L’Institut Goddard des Ă©tudes spatiales a publiĂ© un article signĂ© par l’organisation spatiale sur les tempĂ©ratures record atteintes en juillet dernier, les plus chaudes de l’histoire. Ou, en d’autres termes, pour les 136 dernières annĂ©es, la dernière date pour laquelle des registres sont tenus.

Le directeur de l’institut, Gavin Schmidt, prĂ©dit un record pour 2016, l’annĂ©e la plus chaude de l’histoire. Un problème très grave qui entraĂ®ne un rĂ©chauffement de la planète Ă  une vitesse jamais vue depuis 1 000 ans.

Il est encore possible de le rĂ©parer, soulignent-ils, mais on ne fait pas assez. Nous n’avons mĂŞme pas encore rĂ©ussi Ă  contrĂ´ler le taux d’augmentation de la tempĂ©rature en dessous des 1,5 ou 2 degrĂ©s Celsius nĂ©cessaires.

Et la NASA est claire Ă  ce sujet. Une situation de non-retour nous attend, Ă  laquelle s’ajouteront le manque de ressources dĂ» Ă  la surexploitation et les conflits liĂ©s Ă  la fonte des glaces et aux inondations cĂ´tières. Selon l’Observatoire de la Terre de la NASA, si les gaz Ă  effet de serre continuent Ă  augmenter comme ils l’ont fait jusqu’Ă  prĂ©sent, la tempĂ©ratures moyennes signifiera un rĂ©chauffement de 2 Ă  6 degrĂ©s d’ici la fin du siècle.

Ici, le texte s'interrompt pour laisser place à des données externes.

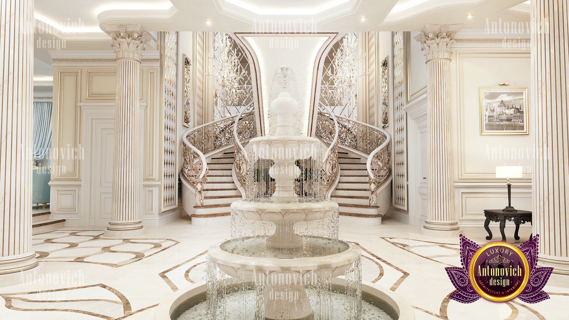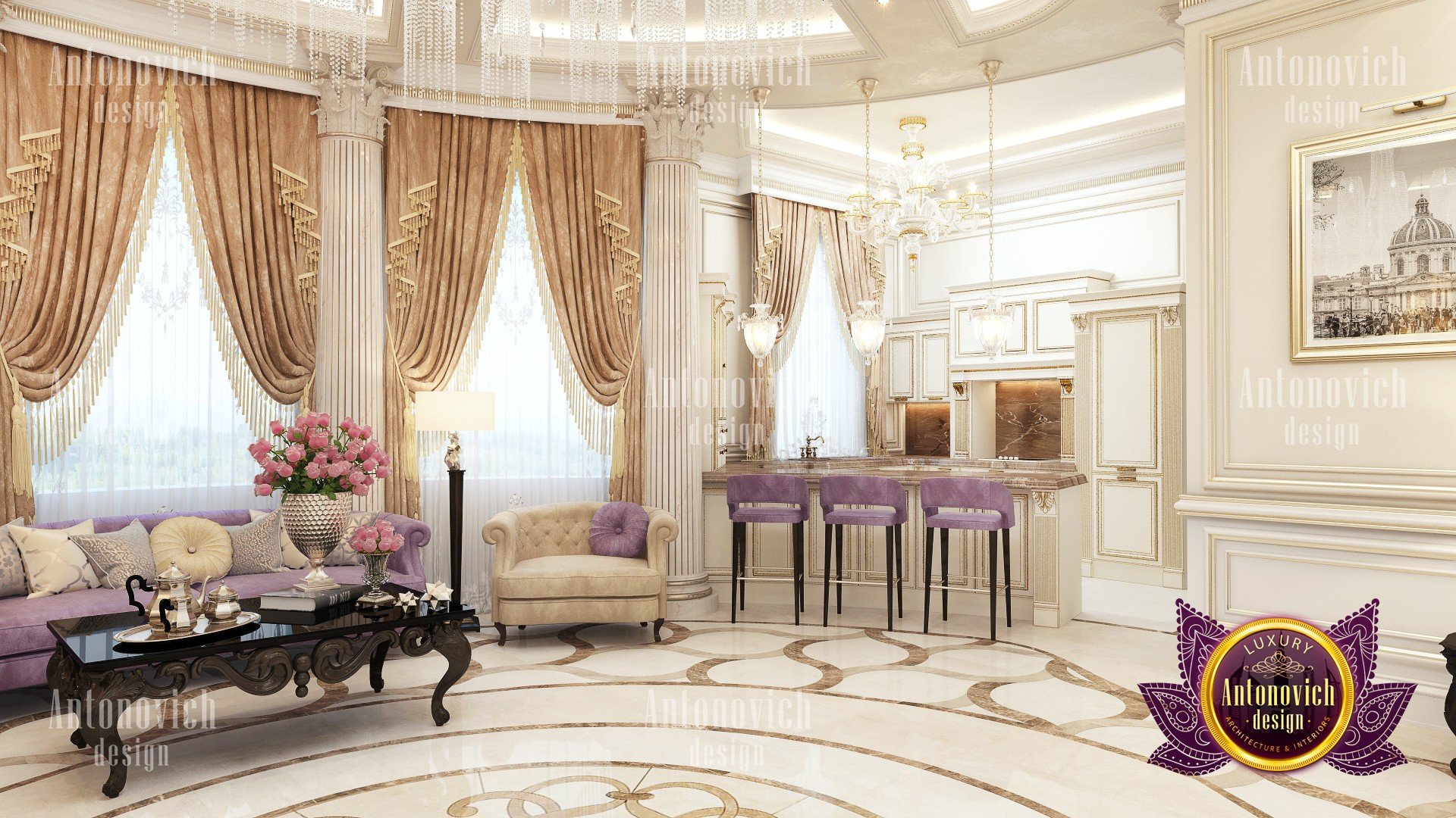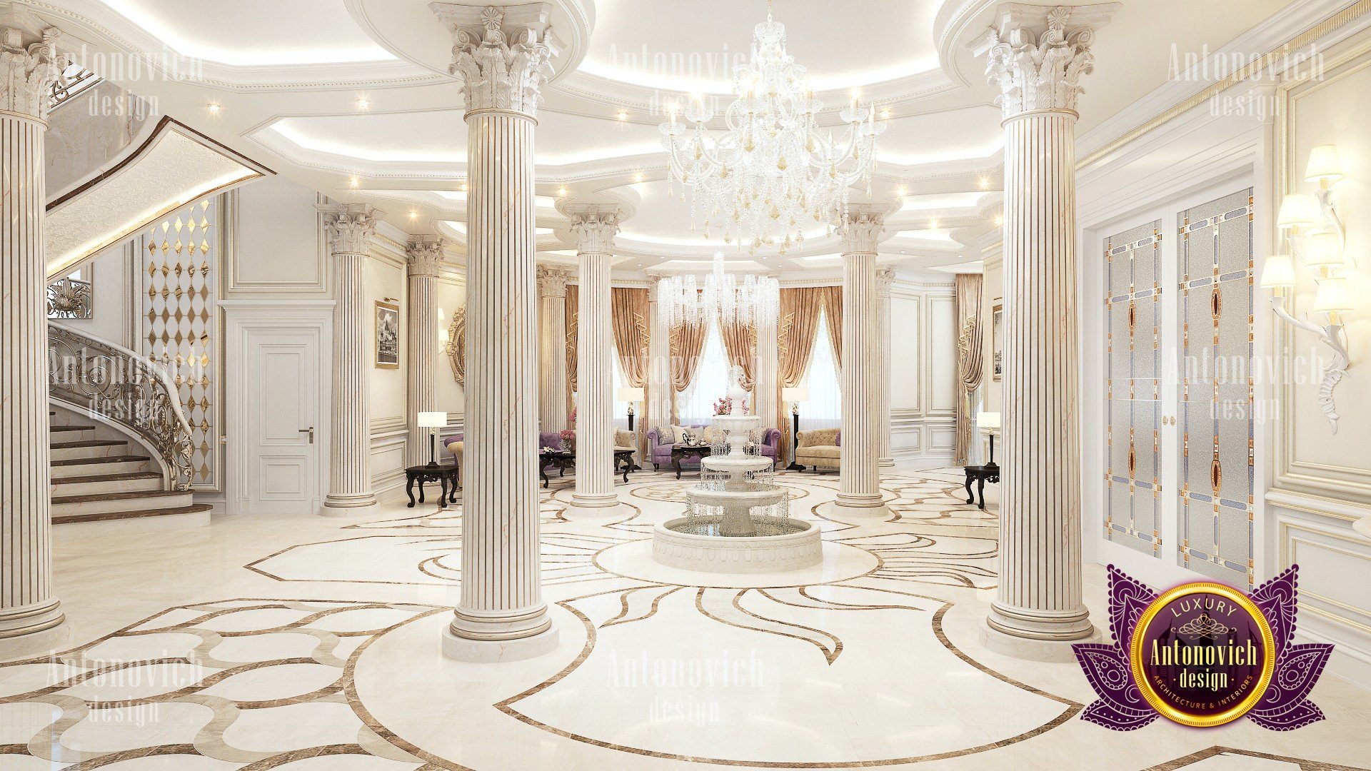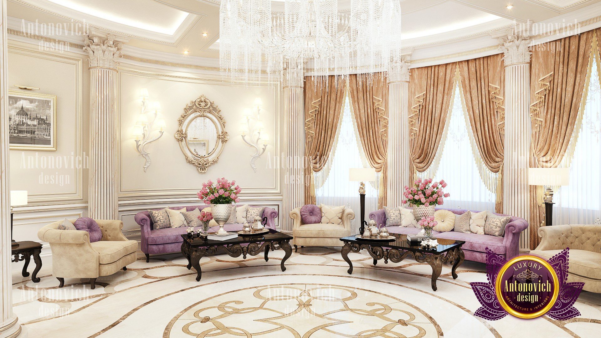 Delightful mood of palatial luxury in the beautiful interior of the villa in Abu Dhabi is based on a set of decorative elements. Each element becomes an integral part of the overall look of luxury. And the floor design plays in this celebration of splendor one of the main roles. Handmade carvings on the floor of a noble marble subtly echo the contours of curls stucco decoration and carved wooden elements. In addition to being luxurious decoration in the interior, carved marble floors wonderfully serve as a refined way of zoning space. Floors design from the studio Luxury Antonovich Design is a work of art. And looking from the second level of the living room, you can endlessly contemplate the beautiful patterns of carved marble, experiencing aesthetic pleasure.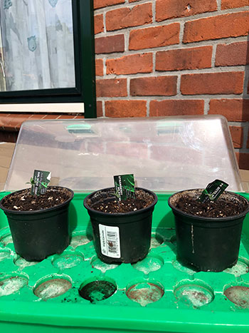 Helaas zijn maar drie van de vijf zaadjes ontkiemd. Er zullen daarom later nog twee nieuwe planten bijkomen, want ik wil in ieder geval wel het gedoogde aantal van vijf wietplanten kweken buiten. De gelukkige zaden die wel uitkwamen zijn Strawberry Milkshake, Girl Scout Cookies en Gorilla Glue #4. Al deze strains komen uit de stal van B-S-B Genetics (Birmingham Seed Bank). Dit is een sterke, relatief nieuwe speler op de markt met hele mooie genetica, uit zowel Spanje als de booming Amerikaanse cannabiswereld. Een aantal B-S-B zaden zijn te koop bij Zamnesia en zeker de moeite waard.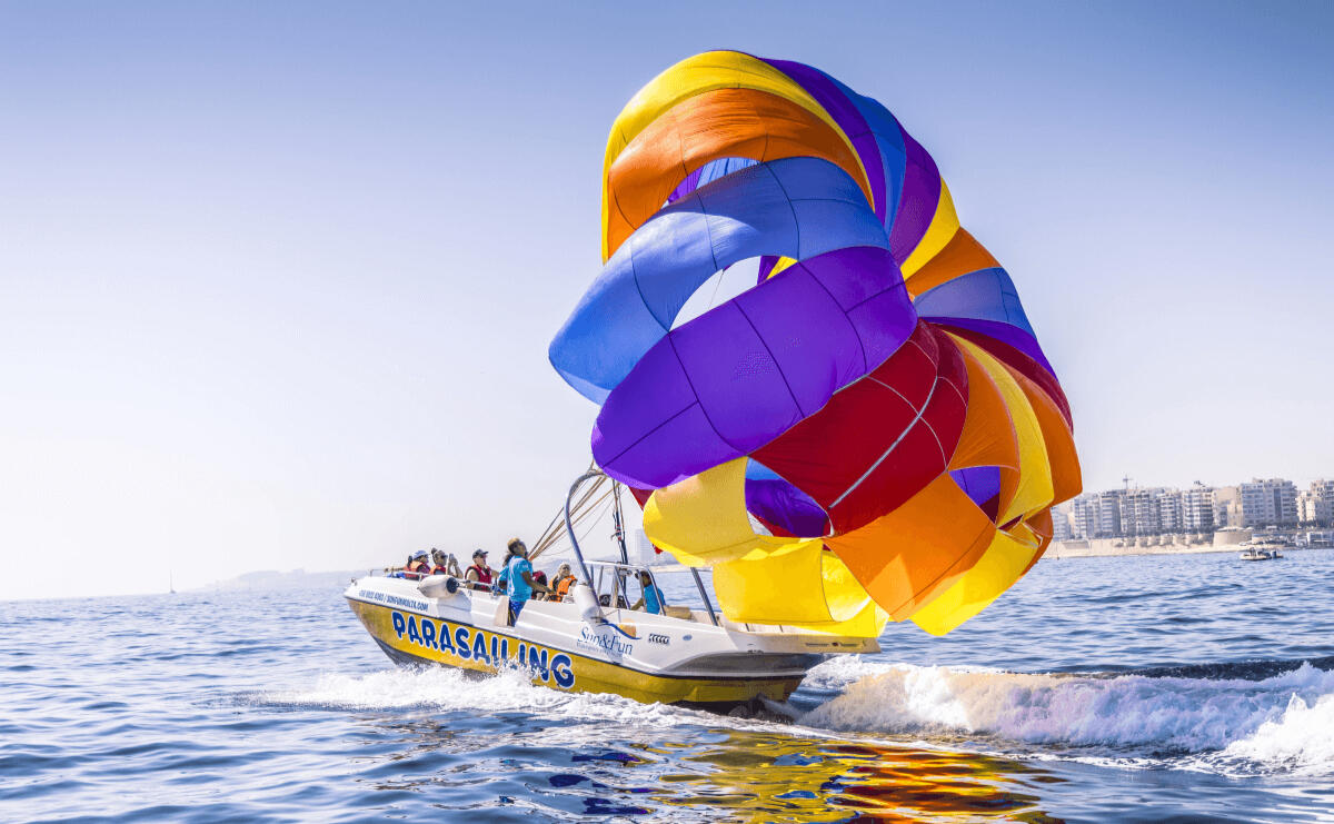 Je t'es sélectionné les incontournables pour profiter à fond de la Méditerranée!⸻ParasailingSurvole la côte et profite d’une vue incroyable sur l’île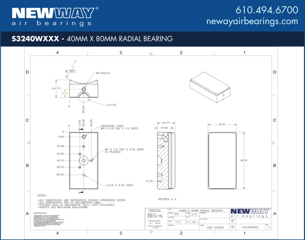 Fifth-smallest of the New Way Concave Radial Air Bearing product line, the 40mm x 80mm size provides a good balance of scale and load-carrying capability. For rotary or linear motion, these radial air bearings compare favorably with conventional rolling element bearings across virtually every performance characteristic. They are also easy to apply, maintain, and change.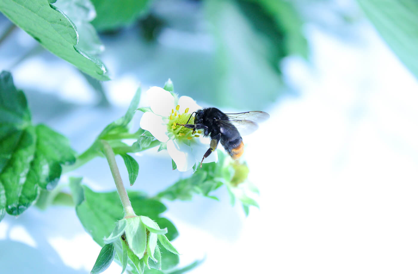 実りへのラストスパート。株は一気に大きくなり、受粉のために蜂が活躍し始めます。20ヶ月越しの初収穫には、毎年感動しています。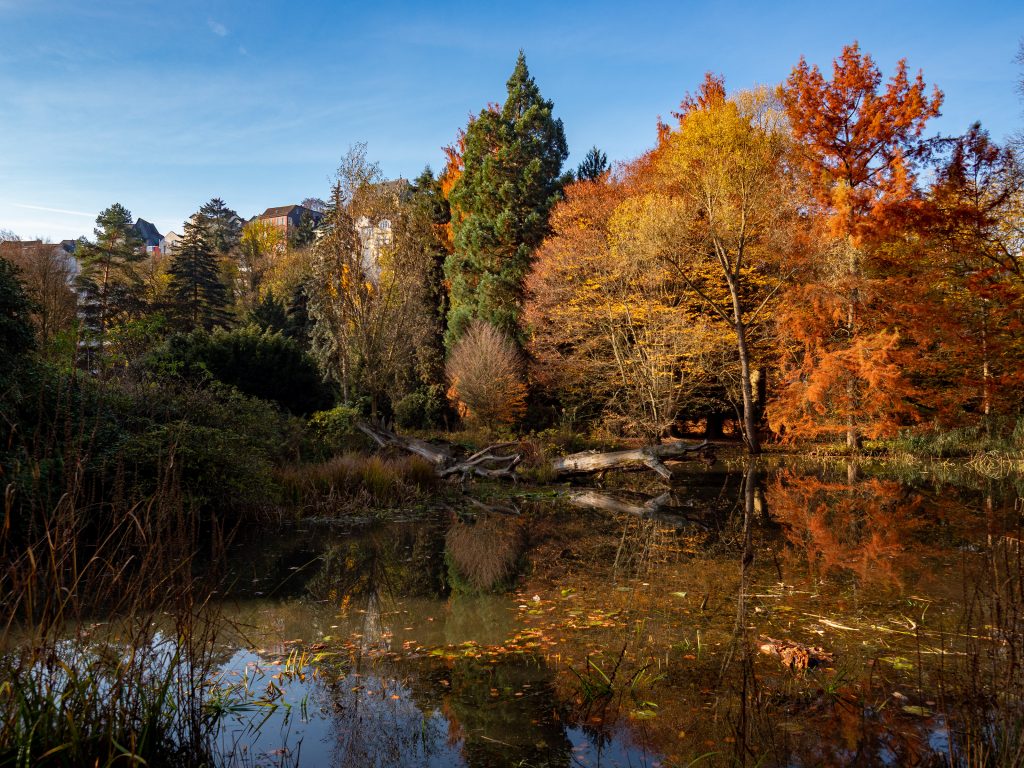 Als ich dieser Tage vormittags durch den Alten Botanischen Garten in Marburg wanderte, da befiel mich mit einem Mal ein Gefühl, dass ich sonst eher nur dann erlebe, wenn ich aus einem meiner bekloppten Träume erwache – Verwirrung! Man muss dazu einerseits wissen, dass ich mich – wenngleich wir natürlich alle träumen – so doch nur äußerst selten an den Inhalt meiner nächtlichen Ausflüge in Morpheus’ Reich erinnern kann; dass ich jedoch andererseits zumeist dann so einen oberwirren Kladderadatsch im Kopf habe, dass ich nicht umhin komme, zu mir selbst “HÄH?” zu sagen. Nun jedoch habe ich das am hellichten Tage erlebt. Und ich könnte nicht behaupten, dass ich gerade am Tagträumen gewesen sei. In Gedanken versunken vielleicht, aber mehr auch nicht. Und dennoch schien die Atmosphäre mich auf besondere Art zu berühren. Vielleicht lag es daran, dass der zähe Hochnebel alles in ein wenig mystisches Grau gehüllt und den Lärm der nahen Straßen ein wenig gedämpft hatte. Eine Art Entkopplung vom Alltag. Sicherlich spielte auch eine Rolle, dass ich mich bewusst darauf eingestellt hatte, meine Sinne offener zu lassen als sonst. Unter normalen Umständen sind meine Wahrnehmungsfilter eher eng eingestellt. Insbesondere dann, wenn ich durch größere Mengen von Menschen navigieren muss und diese auch noch nahebei umhermäandern. Habe ich hier schon mal erwähnt, dass mich die meisten Menschen ziemlich anstrengen…? Nun war ich aber in dieser mäßig ausgedehnten Grünanlage weitestgehend allein unterwegs, so dass ich mir erlaubte, mich auf den Ort einzulassen – und plötzlich begann ich mehr zu bemerken als sonst. Mehr Details, mehr Tiefe, intensivere Eindrücke. Das war die Ursache meiner Verwirrung.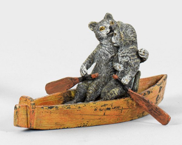 A painted Vienna bronze figure of two cats in a boat. Minor rubbed.
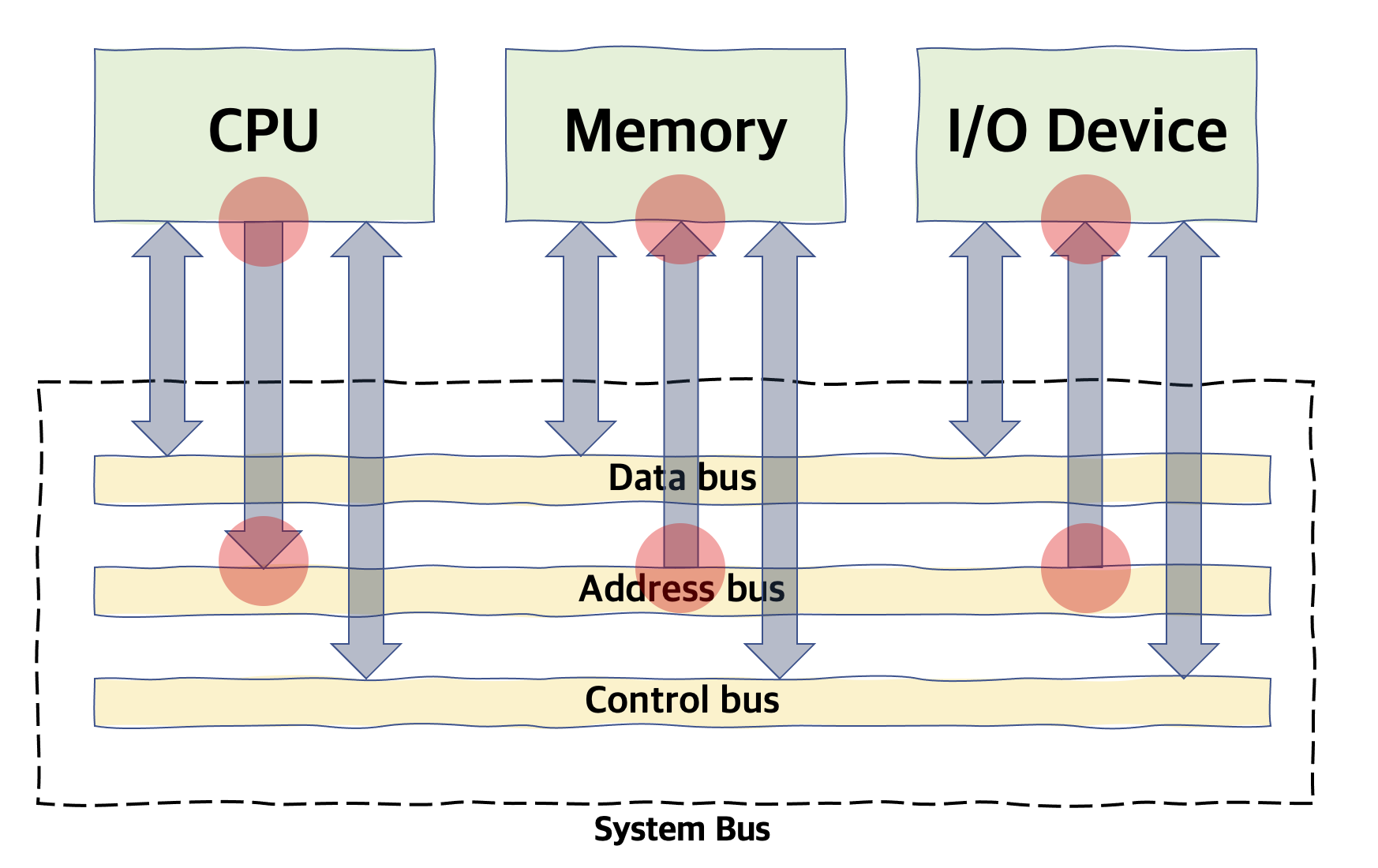 컴퓨터를 구성하는 요소(CPU, I/O장치, Memory)들을 연결해주는 통로다. 여러 하드웨어들을 물리적으로 연결해 전기적 신호로 데이터를 주고받을 수 있게 해준다. 종류는 크게 세 가지로 데이터 버스, 주소 버스, 제어 버스가 있다.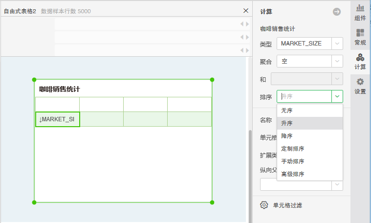 直接绑定数据列的单元格命名规则为:‘数据集名称:列名’或者‘数据集名称:列名_聚合类型’(例如:咖啡销售统计:MARKET;咖啡销售统计:SALES_总和)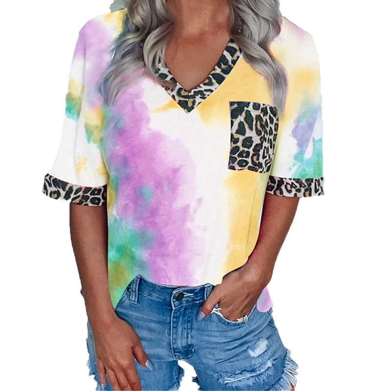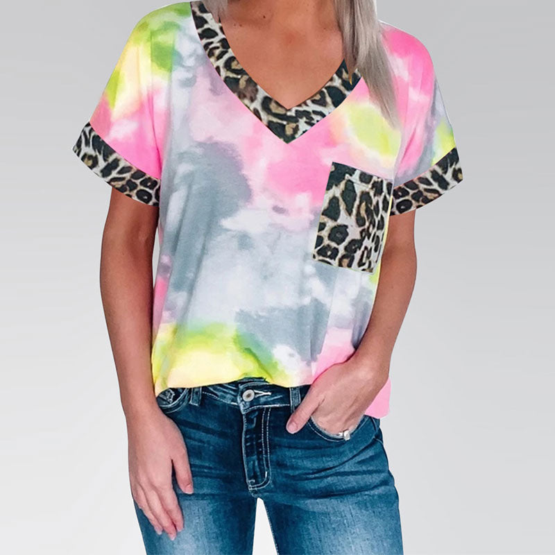 Fresh And Sweet Casual Tie Dye Leopard Pocket Women’s T-Shirt

Réchauffement climatique : une menace croissante - la NASA prédit la fin de la civilisation

Conclusions

Mais obtiendra-t-elle prĂ©venir le rĂ©chauffement climatique? Marcher ou, mieux encore, courir Ă  toute vitesse vers un monde Ă  faible Ă©mission de carbone n’est pas facile. En fait, si aucune mesure plus drastique que celles actuellement en place n’est prise, l’engagement reste lettre morte.

Il faut nĂ©anmoins prĂ©voir une certaine marge et s’attendre un retour d’information positif. Nous n’avons pas vraiment le choix. Et, quoi qu’il en soit, en attendant, la vĂ©ritable action vient de l’autre cĂ´tĂ©. La progression du changement climatique est en effet une constante qui ne s’arrĂŞte pas.

A cet Ă©gard, deux nouvelles informations font rĂ©fĂ©rence Ă  des Ă©tudes rĂ©alisĂ©es par des scientifiques prestigieux. Le premier d’entre eux se concentre sur les problèmes que le rĂ©chauffement climatique a causĂ©s aux Ă©cosystèmes ocĂ©aniques.

D’autre part, les scientifiques de l La NASA continue de prĂ©voir la fin du mondeLa première est une consĂ©quence de ce qu’ils considèrent comme une avancĂ©e catastrophique du rĂ©chauffement climatique.

Ă€ cet Ă©gard, il est important de prĂ©ciser que cela ne signifierait pas la fin de la planète, mais du monde tel que nous le connaissons. Logiquement, ce serait aussi un coup très fort portĂ© Ă  de nombreuses espèces : la flore et la faune, y compris les espèces humaines. Sauf pour les autres, celles qui permettraient d’atteindre survivre et, plus encore, de prospĂ©rer.